Четыре года назад реальные действия стали предприниматься только тогда, когда до роковой черты было совсем недалеко. Еще немного – и было бы слишком поздно. Если мы извлекли из кризиса хоть какой-то урок, то мы не позволим себе увязнуть в новых бесплодных дискуссиях и дебатах, все время откладывая день принятия решений.
Кризис многому научил американский народ. На последних трех общенациональных выборах он подавляющим большинством проголосовал за то, чтобы Конгресс и президент взялись за обеспечение экономической безопасности – и не после многолетних дебатов, а немедленно.
Однако суды поставили под вопрос правомочность избранного народом Конгресса, подвергли сомнению его право защитить нас от катастрофы, право на поиск смелых решений в новой социальной и экономической ситуации.
Мы и теперь переживаем кризис – я имею в виду нашу способность двигаться дальше по пути обеспечения экономической безопасности. Этот кризис внешне малозаметен: вкладчики не толпятся в очередях у закрытых дверей банков.

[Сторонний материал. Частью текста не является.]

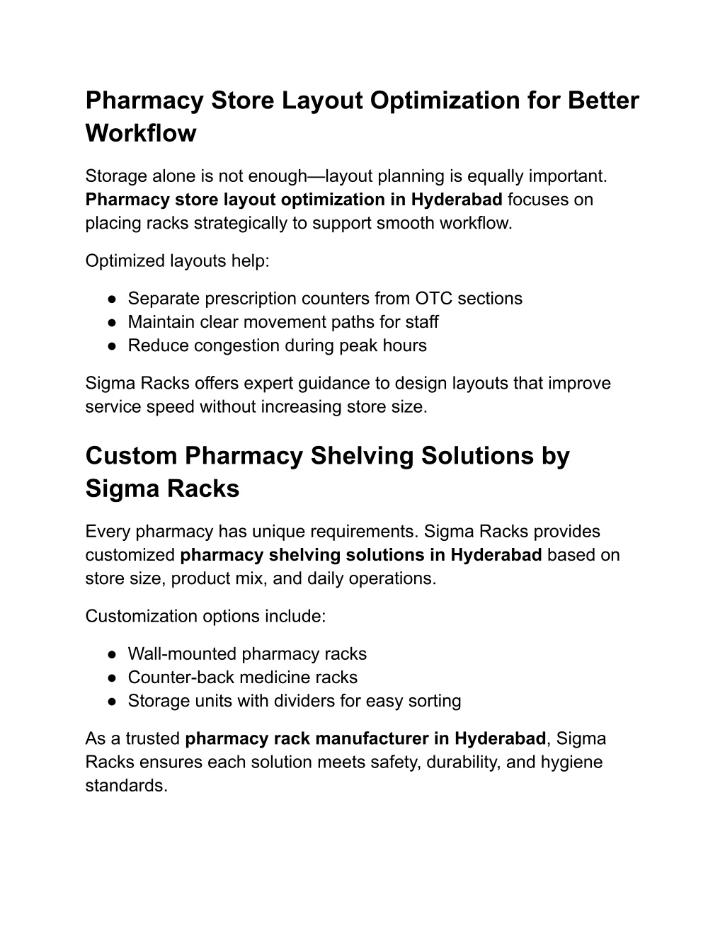 Future-Ready Pharmacy Storage Solutions As pharmacies expand into wellness products, diagnostics, and online order fulfillment, storage needs continue to grow. Modular and space-saving pharmacy racks ensure pharmacies stay future-ready without frequent renovations. Sigma Racks helps pharmacies prepare for growth by offering scalable retail pharmacy racks in Hyderabad that adapt to changing business demands. Conclusion A well-organized pharmacy is essential for faster service, better inventory control, and improved customer satisfaction. By investing in space saving pharmacy storage in Hyderabad, pharmacies can optimize their layout, speed up operations, and create a professional retail environment. With expert-designed pharmacy display racks in Hyderabad, Sigma Racks continues to support medical stores in delivering efficient, organized, and future-ready pharmacy spaces. ? Call us today +91 9670777737/9538060000 for your store setup requirements! ? www.sigmadisplayracks.com / www.sigmastorage.com
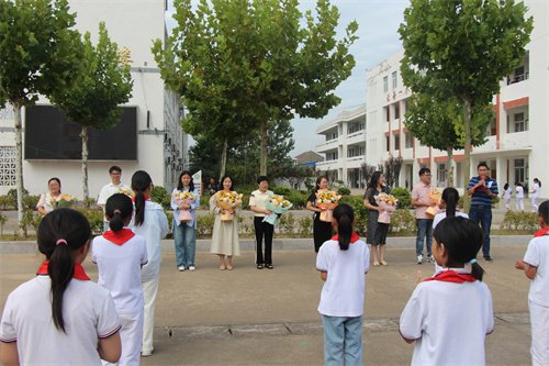 优秀少先队员代表向刚进入我校的8位新老师献花。揭开新学期的帷幕,百禄小学的新教师精彩亮相!他们兼具颜值与才华,他们风华正茂,朝气蓬勃,他们闪耀着青春的活力和满满的热情。竹有千节,始于新笋。8位新教师将怀揣着对教育的热忱,从心出发,重新启航,在百禄小学谱写属于自己的教育新篇章。
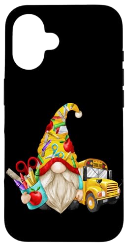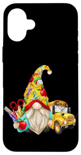 Cute Teacher GNOME with Big Yellow Bus for School Bus Driver Coque pour iPhone 16 Plus
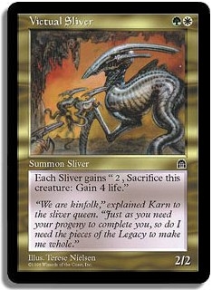 "We are kinfolk," explained Karn to the sliver queen. "Just as you need your progeny to complete you, so do I need the pieces of the Legacy to make me whole."
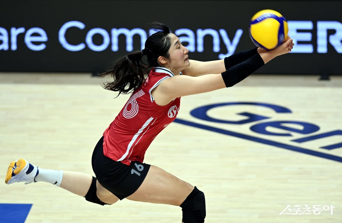 29일 경기도 서수원칠보체육관에서 ‘2023 국제배구연맹(FIVB) 발리볼네이션스리그(VNL)’ 한국과 도미니카공화국의 경기가 열렸다. 한국 정지윤이 수비를 펼치고 있다.

Однако прозорливые люди понимают, что он может иметь далеко идущие последствия, нанести большой урон Америке.
Сегодня я хочу поговорить с вами о том, каких действий требует нынешний кризис. А действовать нам необходимо, поскольку до сих пор еще не решены жгучие проблемы одной трети нашего населения, которой не хватает еды, одежды, жилья.
В прошлый четверг, говоря об американской форме правления, я сравнил ее с запряженной тройкой лошадей, которую по Конституции американский народ использует для возделывания своей нивы. Три лошади – это, конечно, три ветви власти: Конгресс, исполнительная власть и суды. Две лошади – Конгресс и исполнительная власть – сегодня тянут плуг слаженно, а третья – нет. Те, кто хотят представить дело так, что президент Соединенных Штатов будто бы стремится управлять всей тройкой, забывают ту простую истину, что президент как глава исполнительной власти сам является одной из лошадей.

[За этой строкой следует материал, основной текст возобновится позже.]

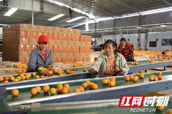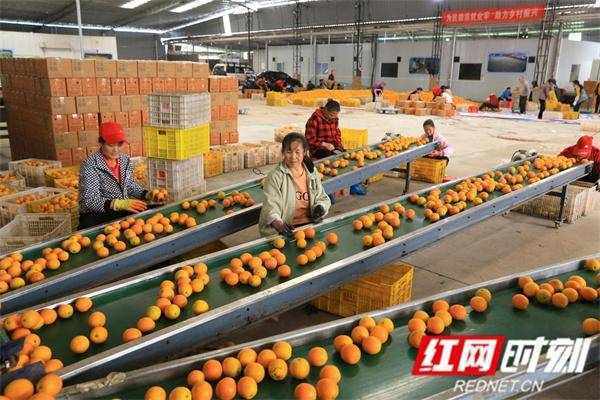 在粗石江鎮雲霧山專業合作社裡,數十名工人正忙著對剛從果園裡采摘回來的夏橙進行清洗、分級、裝箱,一片忙碌景象。據合作社負責人何輝介紹,江永的夏橙經歷一年時間的“三青三黃”的循環生長過程,口感七分甜三分酸,當前非常受消費者歡迎。
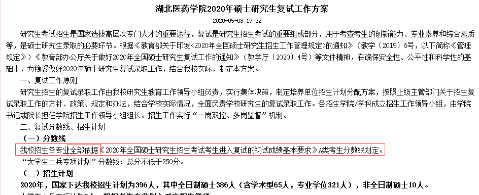 以上就是有關“2020考研分數線:湖北醫藥學院2020年碩士研究生復試分數線”的全部內容了,進入復試的同學一定要好好準備,在國家線徘徊的同學抓緊準備調劑了!
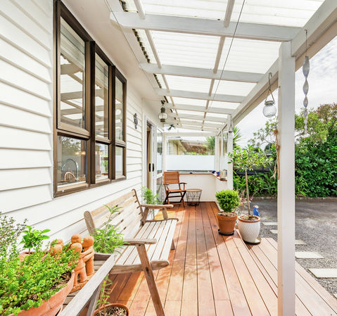A real highlight is the sheltered Kwila deck that runs along the back of the house - a peaceful, spot to relax with a wine or coffee, entertain friends, or soak up the sun.

Тройкой правит не кто иной, как американский народ. Это американский народ хочет, чтобы нива была возделана. Поэтому американский народ ждет, что и третья лошадь будет тянуть в лад с первыми двумя.
Я надеюсь, что в последние две недели вы перечитывали Конституцию Соединенных Штатов. Как и Библию, ее стоит перечитывать снова и снова. Понять Конституцию несложно, если помнить, чем она была вызвана к жизни. После Революции тринадцать первых штатов пытались жить по Договору об образовании конфедерации и выяснили для себя необходимость создания национальной государственной власти с достаточными полномочиями, чтобы решать общие проблемы. В преамбуле говорится, что цели Конституции – образовать более совершенный союз и содействовать всеобщему благоденствию. Полномочия, данные Конгрессу во имя этих целей, пожалуй, проще всего определить так: это полномочия, необходимые для решения всех проблем, которые на то время имели общенациональный характер и которые нельзя было решить, действуя только на местном уровне.
Однако авторы Конституции пошли дальше. Понимая, что в будущем могут встать новые, неизвестные в то время общенациональные проблемы, они широко сформулировали права Конгресса, дав ему полномочия «устанавливать налоги… и обеспечивать совместную оборону и всеобщее благоденствие Соединенных Штатов».
Друзья мои, я совершенно убежден, что в этой формуле ясно выразилось основополагающее намерение патриотов – авторов федеральной Конституции – создать в стране государственную власть с общенациональными полномочиями «в целях образования более совершенного союза» для нас и нашего потомства.
На протяжении почти двадцати лет после создания Конституции между Конгрессом и судом не возникало противоречий. Затем, в 1803 году, Верховный суд решил, что один из принятых Конгрессом законодательных актов находится в прямом противоречии с Конституцией. Суд счел себя вправе объявить закон неконституционным и сделал это. Однако некоторое время спустя сам Верховный суд признал, что такое право имеет чрезвычайный характер и его применение должно быть ограниченным. Судья Вашингтон[45]45
Судья Бушрод Вашингтон (1762–1829 гг.) был выдвинут в Верховный суд президентом Джоном Адамсом и с 1798 г. был его членом.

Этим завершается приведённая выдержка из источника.